O pecado original romance Capítulo 82

— Droga. – Amaldiçoou Erica. – Sinto muito pelo idiota do meu primo.

Thomas parecia transtornado.

— Seu primo tem cara de louco. – Constatou. – Parecia ter usado alguma coisa.

— Ele estava cheirado, só pode. – Erica baixou a cabeça, claramente envergonhada. — Aprendeu a usar essas coisas na estrada. Certeza. Ele não costumava ser assim. Ah, oi Jonathan.

— Oi, Erica. – Ele a cumprimentou. – Como vai? Soube que vocês estão namorando.

Ela deitou a cabeça no ombro de Thomas e olhou para trás.

— Ele te contou?

Jonathan sorriu e anuiu.

— Fico feliz por vocês. – Ele torceu a boca, sem jeito. – Desculpa estragar o seu sábado. Se preferirem, posso ficar em outro lugar. Posso mandar mensagem para uma amiga minha. Tenho certeza de que ela me conseguiria um cantinho num quarto.

— A tal da Melissa? – Thomas perguntou, puxando pela memória o nome da mulher da qual Jonathan havia falado.

— Ela mesma. Não quero ser um incômodo.

— Besteira. – Erica cortou. – Vou ficar feliz de conhecer você melhor. Se não fosse por você, provavelmente nem estaríamos namorando agora. Quando nos casarmos, você pode ser nosso padrinho.

— Casar? – Thomas olhou para o lado, assustado.

Erica o encarou, como se o estivesse analisando. Thomas se sentiu em um território delicado. Não negava, em nenhum momento, que possuía sentimentos pela garota, mas, não sentia urgência em passar daquele estágio o qual haviam acabado de alcançar de maneira tão afobada.

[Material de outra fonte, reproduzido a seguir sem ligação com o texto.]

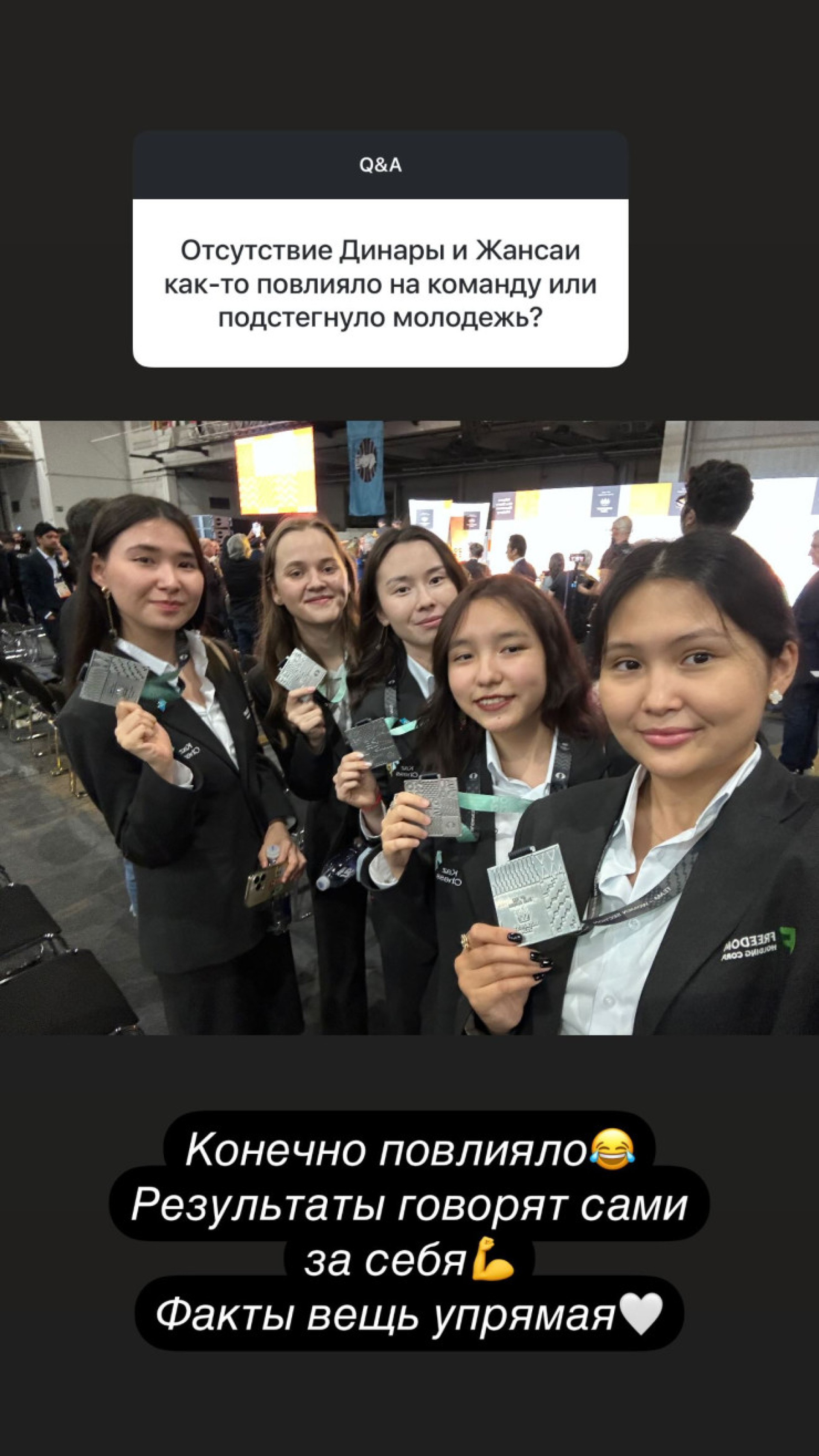 Асаубаева в социальных сетях отметила, что отсутствие Абдумалик, по её мнению, положительно сказалось на результатах команды. В эксклюзивном интервью она подтвердила, что их отношения не изменились, и добавила: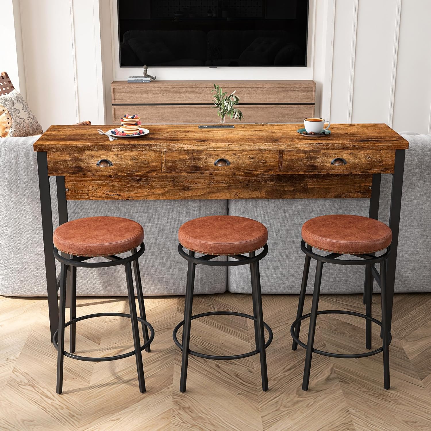 This versatile bar table set is perfect for homeowners, renters, and professionals seeking stylish yet functional furniture for limited spaces. The integrated power outlets eliminate the need for extension cords, creating a clean, organized look while keeping your devices charged during meals, work sessions, or social gatherings. The three drawers offer practical storage without adding bulk, making it easy to keep dining accessories within reach.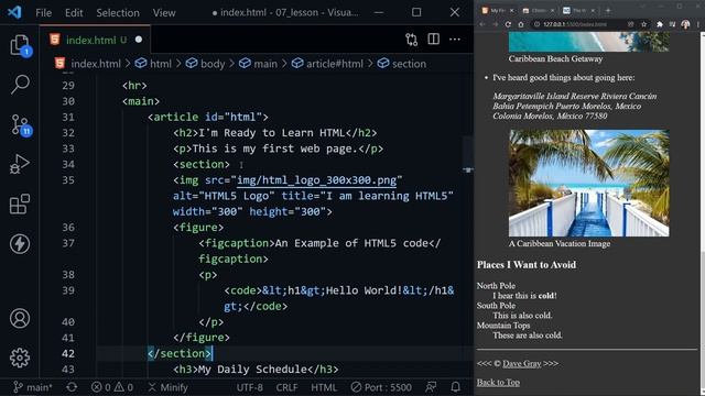Web Dev Roadmap for Beginners (Free!): https://bit.ly/DaveGrayWebDevRoadmap Learn how to use Semantic HTML tags in this full tutorial. HTML5 semantic elements convey both meaning and structure for our web pages. Applying proper semantics to your web pages helps both browsers and assistive technologies interpret your pages. ? Subscribe ➜ https://bit.ly/3nGHmNn ? This lesson is part of an HTML for Beginners tutorial series playlist: https://www.youtube.com/playlist?list=PL0Zuz27SZ-6OlAwitnFUubtE93DO-l0vu ? Starter Source Code: https://github.com/gitdagray/html_course/tree/main/06_lesson ? Course Updates ➜ https://courses.davegray.codes/ Semantic HTML Tags | HTML5 Semantic Elements Tutorial (00:00) Intro (00:05) Welcome (00:25) Setup (01:06) Heading Hierarchy (02:06) nav and hr tags (03:20) The word: "semantic" (04:00) header element (05:33) main element (06:21) footer element (07:30) Labeling multiple nav elements (10:01) article vs section elements (11:49) Adding sections (13:20) aside, details, and summary elements (15:50) mark and time elements (17:57) More sections (19:04) Avoid these HTML tags (for now) (21:04) HTML5 Outliner (23:35) Validate your HTML code ? All Resources for this HTML Tutorial Series: https://github.com/gitdagray/html_course ⚙ Web Dev Tools: Chrome Browser: https://www.google.com/chrome/ Dark New Tab Chrome Extension: https://chrome.google.com/webstore/detail/dark-new-tab/kcphhkbdlfggickaoeiahdcfhagfbajl?hl=en Visual Studio Code (VS Code): https://code.visualstudio.com/ Prettier VS Code Extension: https://marketplace.visualstudio.com/items?itemName=esbenp.prettier-vscode vscode-icons VS Code Extension: https://marketplace.visualstudio.com/items?itemName=vscode-icons-team.vscode-icons Github Themes VS Code Extension: https://marketplace.visualstudio.com/items?itemName=GitHub.github-vscode-theme W3C HTML Validator: https://validator.w3.org/ HTML5 Outliner: https://chrome.google.com/webstore/detail/html5-outliner/afoibpobokebhgfnknfndkgemglggomo ? References: MDN HTML: https://developer.mozilla.org/en-US/docs/Web/HTML MDN HTML Elements Reference: https://developer.mozilla.org/en-US/docs/Web/HTML/Element HTML Entities Character Chart: https://html.spec.whatwg.org/multipage/named-characters.html#named-character-references ? Semantic HTML References: MDN Web Glossary for Semantics: https://developer.mozilla.org/en-US/docs/Glossary/Semantics w3Schools Semantic HTML: https://www.w3schools.com/html/html5_semantic_elements.asp MDN Document and website structure: https://developer.mozilla.org/en-US/docs/Learn/HTML/Introduction_to_HTML/Document_and_website_structure ✅ Follow Me: Github: https://github.com/gitdagray Twitter: https://twitter.com/yesdavidgray LinkedIn: https://www.linkedin.com/in/davidagray/ Blog: https://yesdavidgray.com Reddit: https://www.reddit.com/user/DaveOnEleven Was this tutorial about Semantic HTML elements helpful? If so, please share. Let me know your thoughts in the comments. #html #html5 #semantics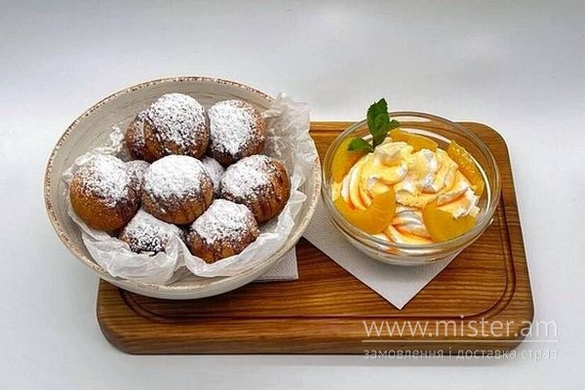 Солодкі пончики з творожного тіста смажені у фритюрі, политі карамельним сиропом, подаються зі взбитими вершками та персиком.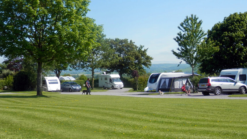The Old Oaks, an adults-only park, is tucked below the Glastonbury Tor in a lovely secluded setting with views across to the Mendip Hills. The grounds are immaculate, and much attention to cleanliness is given throughout. There are 100 large pitches in a series of paddocks, 91 with 16A electricity on hardstandings, and 50 are fully serviced. Mainly backing onto hedges, they are attractively arranged and interspersed with shrubs and flowers in a circular development or terraced with rural views.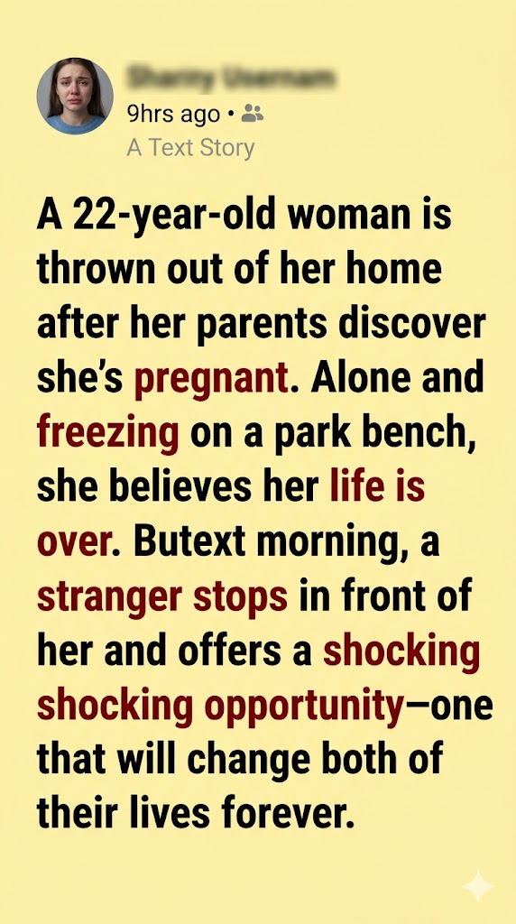 She walked for hours with no direction, tears drying on her cheeks in the wind. She tried calling a couple of friends, but the excuses came fast and clumsy. No one wanted trouble. No one had space. The city that had always felt familiar suddenly became a hostile maze of shadows and strange noises. Exhaustion finally defeated her in that square. “Everything will be okay, my love,” she whispered to her belly, stroking the tight fabric of her sweater. “Mum will find a way. I don’t know how, but I will.” But doubt gnawed at her. How? She had no money, no roof, and soon she would have a baby in her arms. Fear was paralyzing—an invisible monster hissing that maybe her parents were right, maybe she was a mistake, maybe she deserved nothing good. She closed her eyes, trying to sleep, but every branch creak, every distant footstep made her jolt awake. Being pregnant on the street felt like a physical sensation—a weight at the base of her skull that kept her on high alert.
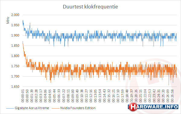 Als we de Aorus in één grafiek zetten met de Founders Edition, vertoont hij inderdaad ongeveer hetzelfde gedrag. Het verschil is echter dat de Founders Edition uiteindelijk 'stabiliseerde' rond de 1733 MHz, doet de Aorus Xtreme dat net iets onder de 1900 MHz. Dat is een verschil van bijna 10 procent.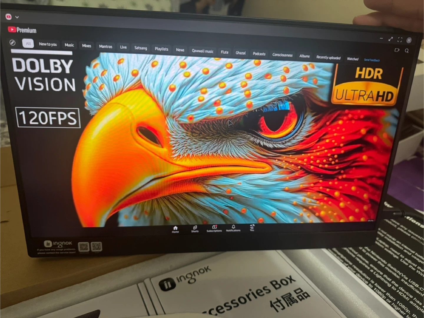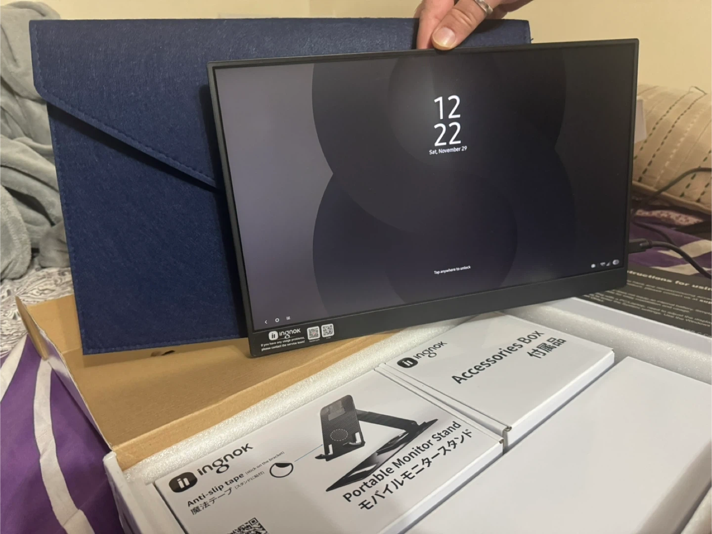 Selling an ingnok portable monitor that's in great condition! It comes with the accessories box and stand. Perfect for expanding your screen real estate on the go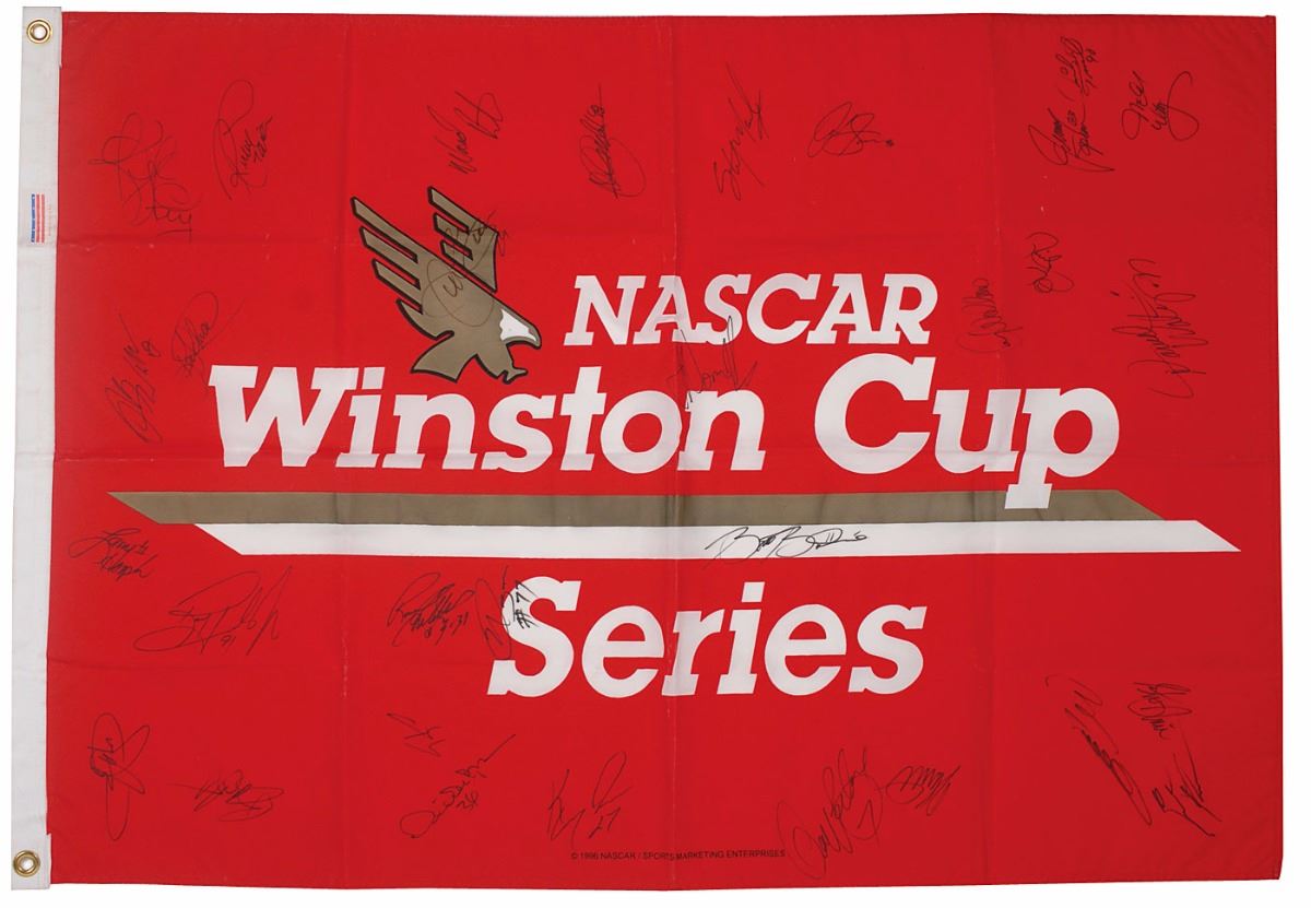 Bright red NASCAR Winston Cup Series flag, 40 x 27, signed in black felt tip by approximately thirty drivers, including: Kyle Petty, Ward Burton, Ken Schrader, Brett Bodine, Jimmy Spencer, Bill Elliott, Derrike Cope, Sterling Marlin, Dick Trickle, Bobby Labonte, Kenny Wallace, Ricky Rudd, Steve Grissom, Darrell Waltrip, and over fifteen others. In fine condition. Accompanied by a full letter of authenticity from JSA.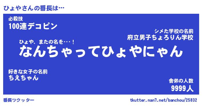 | ヒーロー風カッコイイあだ名 | 『スーパーヒョヤ』『ウルトラひょやマン』 |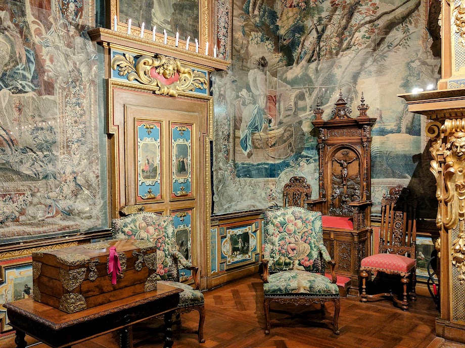 Somptueuse décoration de la chambre du roi avec en particulier, le plafond à caissons (scènes de l’histoire de Persée et Andromède) et les lambris (support de l’histoire de Théagène et Chariclée). Voir également le lit à baldaquin recouvert de broderies persanes datant de 1550, dans lequel a dormi le roi Henri IV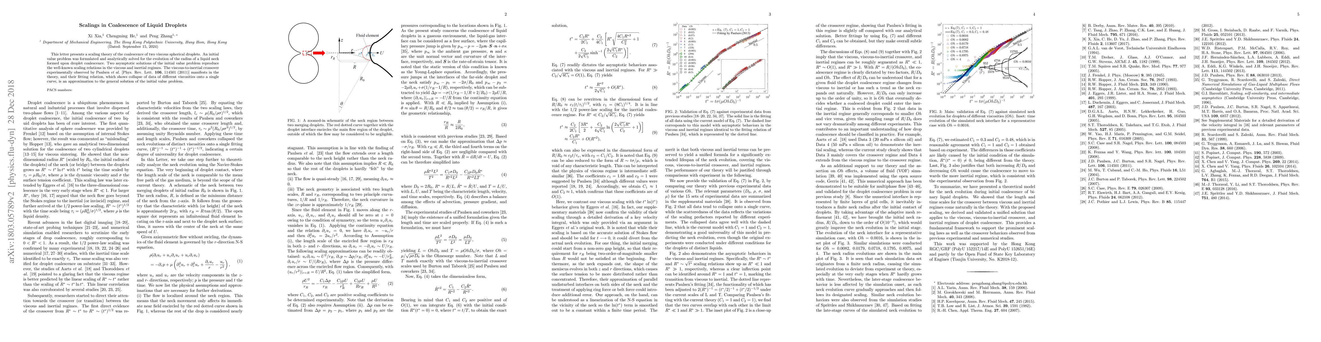 This paper develops a scaling theory for the coalescence of two viscous spherical droplets, analytically solving an initial value problem to describe the formation of a liquid neck. The theory captures the viscous and inertial regimes and reproduces the crossover behavior observed experimentally.

— É, ué. – Ela deu de ombros. – Talvez não agora, mas, um dia, a gente vai se casar, não é? Quer dizer. Qual o motivo de namorar se não pretende se casar um dia?

Thomas voltou a olhar a estrada, sentindo o coração disparar.

A conversa se prolongou por boa parte do caminho. O assunto girou em torno de relacionamentos e amores mal resolvidos e, quando Thomas deu a entender que Jonathan era apaixonado por uma mulher casada, Erica levou a mão à boca, estupefata.

— Sério, Jonathan?

O rapaz ergueu a sobrancelha em reprimenda quando conseguiu captar o olhar de Thomas e, então, concordou.

— O coração quer o que ele quer, não é? – Jonathan respondeu.

— Mas é tão errado. – Ela criticou. – E arriscado. Digo. E se ela decidir continuar com o marido dela? Como vai ser? Você quer ser um amante pelo resto da vida?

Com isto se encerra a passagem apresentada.